You're right, the subject is singular and the predicative is plural. This is a common construction in Finnish and it's called the _predicative of inclusion_ in VISK (§ 955). It's used to indicate that the subject belongs or is part of the group defined in the predicative, in this case boys from this village. Some other examples I made up on the fly:

_Alue on Suomen kauneimpia._ 'The area is one of the most beautiful in Finland.'
_Hän on Rauman Virtasia._ 'S/he is one of the Virtanens of Rauma (= He belongs to the Virtanen family from Rauma)'
_Hän on kielen viimeisiä puhujia_. 'S/he is one of the last speakers of the language.'


----------



## Maabdreo

Oh, that makes sense. Kiitos Fennofiili!


----------



## Maabdreo

Thanks, DrWatson. So does that construction differ from _X on yksi Y:stä _​in any way?

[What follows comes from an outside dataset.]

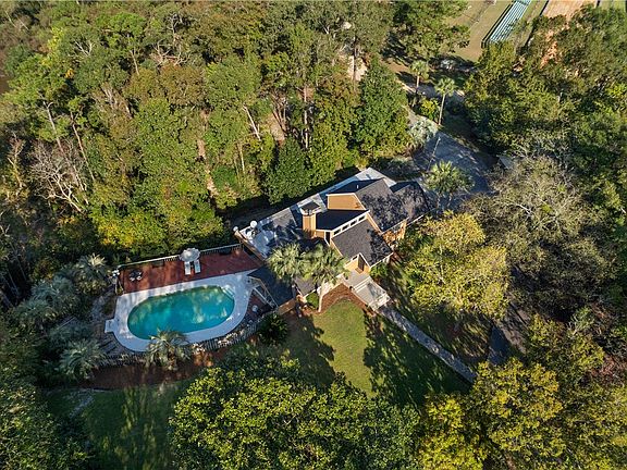 Sellers are looking to downsize but remain in the community! Welcome to this stunning property on the Altamaha River, featuring a private boat ramp and everything you’ve been dreaming of! With 3 bedrooms and 3.5 baths, this home offers spacious living in a breathtaking natural setting. The lodge-like ambiance, highlighted by exposed wood and soaring ceilings, creates a warm and inviting atmosphere. The main level boasts cozy living spaces, including a wood-burning fireplace and a striking stone feature wall—perfect for intimate gatherings. The luxurious owner’s suite is a true retreat, complete with a wood-burning fireplace and access to a wrap-around deck. The en suite bathroom offers a spa-like experience, making it your personal sanctuary. Step outside to enjoy the outdoor amenities, including a fenced saltwater pool with a brand new pump, a hot tub, and a covered deck that overlooks the serene Altamaha River. Additionally, the property features a finished she-shed for storage or hobbies and a workshop for all your boating needs. This home perfectly blends comfort and functionality, set on a generous 3.8+/-acre private lot—an ideal spot for both relaxation and entertaining!

Edit: If I understood the end of the VISK article, it sounds like they're equivalent in meaning though using the elative makes it possible to specify the quantity of Y. Is that right?


----------



## fennofiili

Maabdreo said:


> So does that construction differ from _X on yksi Y:stä _​in any way?

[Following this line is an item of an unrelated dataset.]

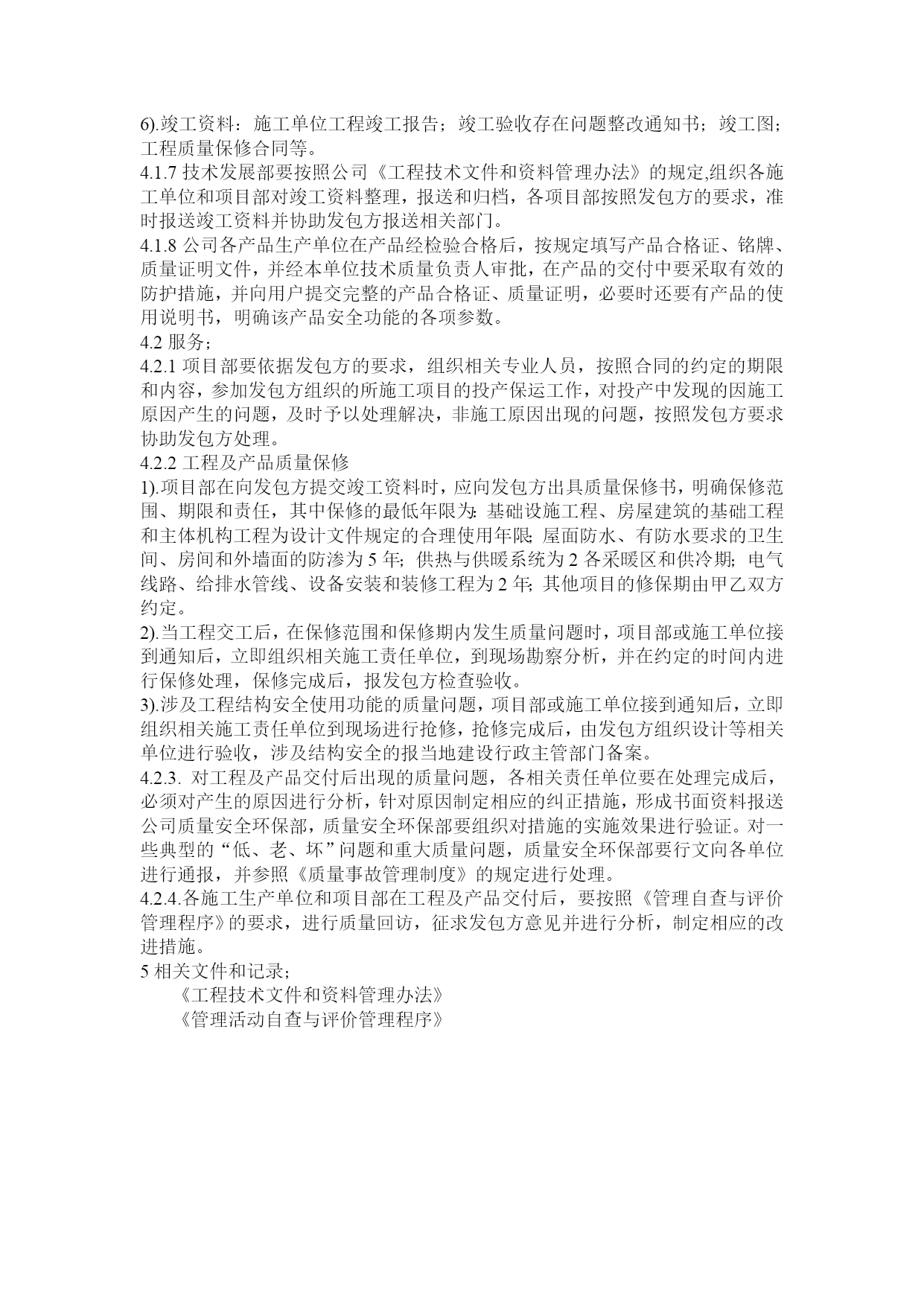 工程产品的交付和服务管理程序1、目的和适用范围为规范工程产品交付及交付后服务的管理工作,特制订本程序。本程序适用于工程产品交付管理活动及交付后服务的管理活动。2、依据的标准及条款GB/T50430标准10.6,13.1,13.2,13.3条款,GB/T19001标准7.5.1条款,Q/SY1002.1-2007标准中5.5.3,5.6.3条款,GB/T28001-2001标准4.4.6,4.5.2条款和GB/T24001-2004标准中4.4.6,4.5.3条款以及《中环人民共和国建筑法》第61、62条和《建筑工程质量管理条例》第39、40、41条。3、职责3.1项目管理中心负责组织工程产品的交付和交付后服务活动的实施。3.2.技术发展部负责组织各生产单位和项目部进行工程竣工资料的整理、报送和归档管理工作。3.3各生产单位和项目部具体负责所承担的工程产品的交付及移交前的防护和交付后的各项维修服务活动。4程序内容4.1工程及产品交付的管理4.1.1工程项目作业完毕后,经发包方、监理验收合格后,承担项目施工的项目部由项目技术负责人组织编制该项目的试运方案,报工程监理和发包方审批后,按批准后的方案安排试运活动。4.1.2在试运前48小时,项目部以书面形式通知工程监理或发包方,通知试运内容、时间、地点及设备的试运记录。工程监理和发包方相关负责人达到现场后,在他们的监督下进行试运,并记录试运的结果,将其作为竣工资料的一部分。4.1.3当项目由多个施工单位参与施工时,项目部要通知各相关施工单位及责任部门,组建试运的组织机构,由项目部牵头实施该项目的试运。4.1.4对于试运过程所发现的问题,各责任单位立即组织整改,直到合格为止。试运结束并合格后,试运结果由责任单位报工程监理和发包方签字确认。4.1.5试运结束后,项目部要对该项目的各个部位采取有效的防护措施进行防护,以便完整无损的向发包方移交。4.1.6试运结束后,由项目部在15日内向发包方提供完整的竣工资料和验收报告。工程竣工资料按照监理批准的工程划分办法编写,施工竣工表格采用工程质量评定标准中规定的表格或发包方、工程监理指定的表格,并符合国家行业标准规范的要求,施工竣工资料一般包括:1).开工前资料:中标通知书;施工合同;图纸会审记录;施工组织设计或施工方案;质量安全技术交底记录;测量定位记录;施工现场质量管理检查记录等。2).质量验收记录资料:各检验批、分项、分部工程的质量验收记录和各单位工程竣工验收记录。3).试验资料:包括涉及到该项目所使用的材料、构配件、设备的试验报告,涉及工程安全功能的测试和试验报告。4).材料、构配件等合格证资料(材质证明文件)5).施工过程资料:设计变更;工程测量放线记录;自检、互检、交接检记录;施工日志;“四新”技术施工记录;工程质量整改通知单等。5).必要时增补的资料:施工单位资质证明;执业人员资格证明等。6).竣工资料:施工单位工程竣工报告;竣工验收存在问题整改通知书;竣工图;工程质量保修合同等。4.1.7技术发展部要按照公司《工程技术文件和资料管理办法》的规定,组织各施工单位和项目部对竣工资料整理,报送和归档,各项目部按照发包方的要求,准时报送竣工资料并协助发包方报送相关部门。4.1.8公司各产品生产单位在产品经检验合格后,按规定填写产品合格证、铭牌、质量证明文件,并经本单位技术质量负责人审批,在产品的交付中要采取有效的防护措施,并向用户提交完整的产品合格证、质量证明,必要时还要有产品的使用说明书,明确该产品安全功能的各项参数。4.2服务;4.2.1项目部要依据发包方的要求,组织相关专业人员,按照合同的约定的期限和内容,参加发包方组织的所施工项目的投产保运工作,对投产中发现的因施工原因产生的问题,及时予以处理解决,非施工原因出现的问题,按照发包方要求协助发包方处理。4.2.2工程及产品质量保修1).项目部在向发包方提交竣工资料时,应向发包方出具质量保修书,明确保修范围、期限和责任,其中保修的最低年限为:基础设施工程、房屋建筑的基础工程和主体机构工程为设计文件规定的合理使用年限;屋面防水、有防水要求的卫生间、房间和外墙面的防渗为5年;供热与供暖系统为2各采暖区和供冷期;电气线路、给排水管线、设备安装和装修工程为2年;其他项目的修保期由甲乙双方约定。2).当工程交工后,在保修范围和保修期内发生质量问题时,项目部或施工单位接到通知后,立即组织相关施工责任单位,到现场勘察分析,并在约定的时间内进行保修处理,保修完成后,报发包方检查验收。3).涉及工程结构安全使用功能的质量问题,项目部或施工单位接到通知后,立即组织相关施工责任单位到现场进行抢修,抢修完成后,由发包方组织设计等相关单位进行验收,涉及结构安全的报当地建设行政主管部门备案。4.2.3.对工程及产品交

It might have a different tone.



> If I understood the end of the VISK article, it sounds like they're equivalent in meaning though using the elative makes it possible to specify the quantity of Y. Is that right?



Well, almost. It says that they are alternative, except when the quantity of the set is specified. It does not really describe the difference, and it is somewhat difficult to explain. Both _Alue on Suomen kauneimpia_ and _Alue on yksi Suomen kauneimmista_ have the same denotation, and they can both be translated using a “one of ...” construct, but the latter somewhat emphasizes that it is one of a set. Maybe it also sounds less idiomatic, since it has a rather direct counterpart in other languages, whereas the expression with partitive is specific to Finnish. But I guess some people might say that there’s no difference in meaning.


----------



## Maabdreo

Thanks for the thoughtful response!


----------